• **Exercise objective**
Word for word, copy the records and drop the pictures.

• **Data to use**
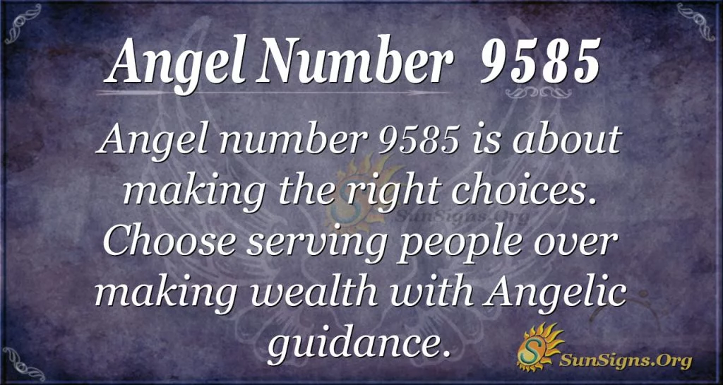 A reasonable person stays close to the angels and chooses serving people over making wealth. Angel number 9585 is about making the right choices.
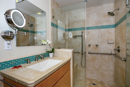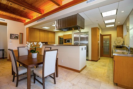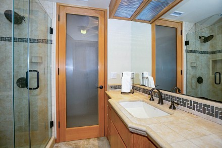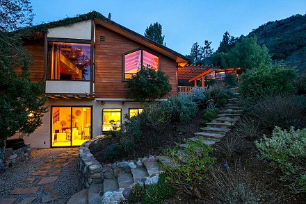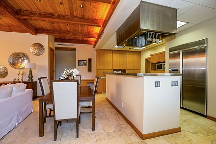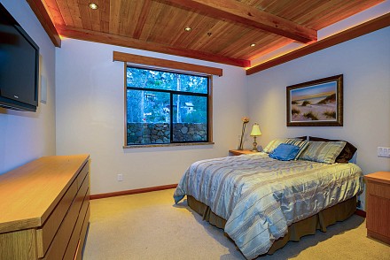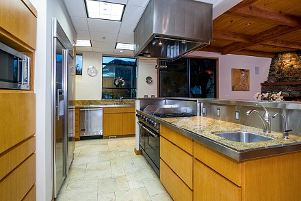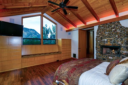 On the upper level, all of the floors are African walnut. A guest bedroom, with its en suite bath, has a lovely fireplace and private deck. The master suite, with beamed ceiling, fireplace, is serene and elegant. The scene from the bed out the window looks like you’re in the Swiss Alps! An en suite bath has a large steam shower, soaking tub, and many built-ins.
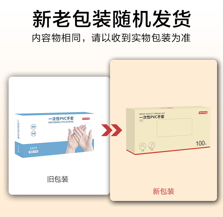 京造 一次性手套 PVC食品级加厚 厨房烧烤露营家用清洁M码【100只】
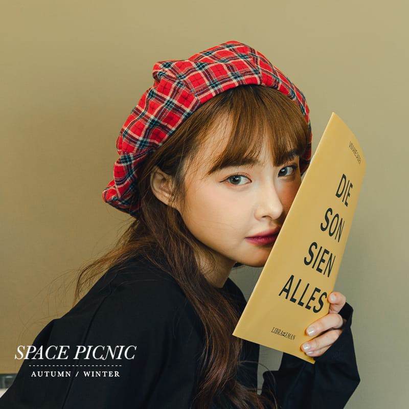 Space Picnic|格紋彈性貝蕾帽-3色【C21083001】
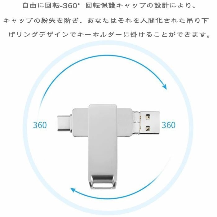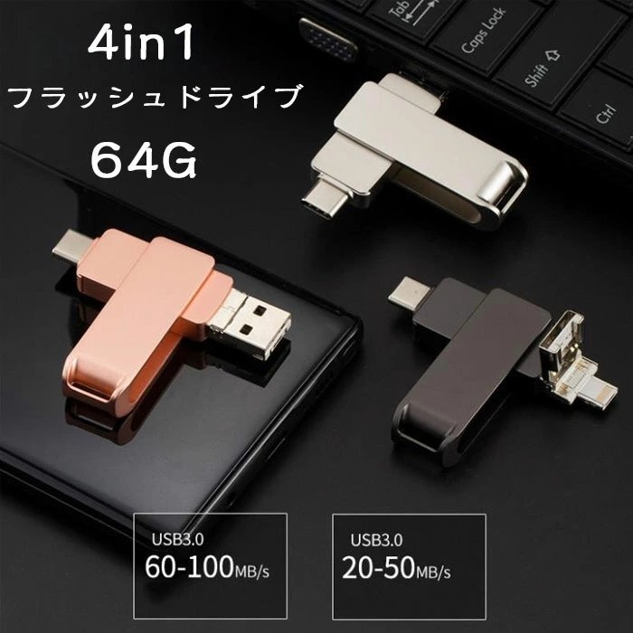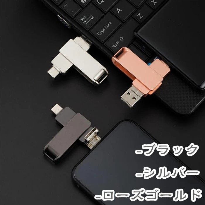 (64GB)4in1 USBメモリ 高速 Phone usbメモリー USB/Type-C/micro usb フラッシュドライブ 回転式 保存 写真 ☆多色選択/1点

• **Answer to this problem**
 A reasonable person stays close to the angels and chooses serving people over making wealth. Angel number 9585 is about making the right choices.
 On the upper level, all of the floors are African walnut. A guest bedroom, with its en suite bath, has a lovely fireplace and private deck. The master suite, with beamed ceiling, fireplace, is serene and elegant. The scene from the bed out the window looks like you’re in the Swiss Alps! An en suite bath has a large steam shower, soaking tub, and many built-ins.
 京造 一次性手套 PVC食品级加厚 厨房烧烤露营家用清洁M码【100只】
 Space Picnic|格紋彈性貝蕾帽-3色【C21083001】
 (64GB)4in1 USBメモリ 高速 Phone usbメモリー USB/Type-C/micro usb フラッシュドライブ 回転式 保存 写真 ☆多色選択/1点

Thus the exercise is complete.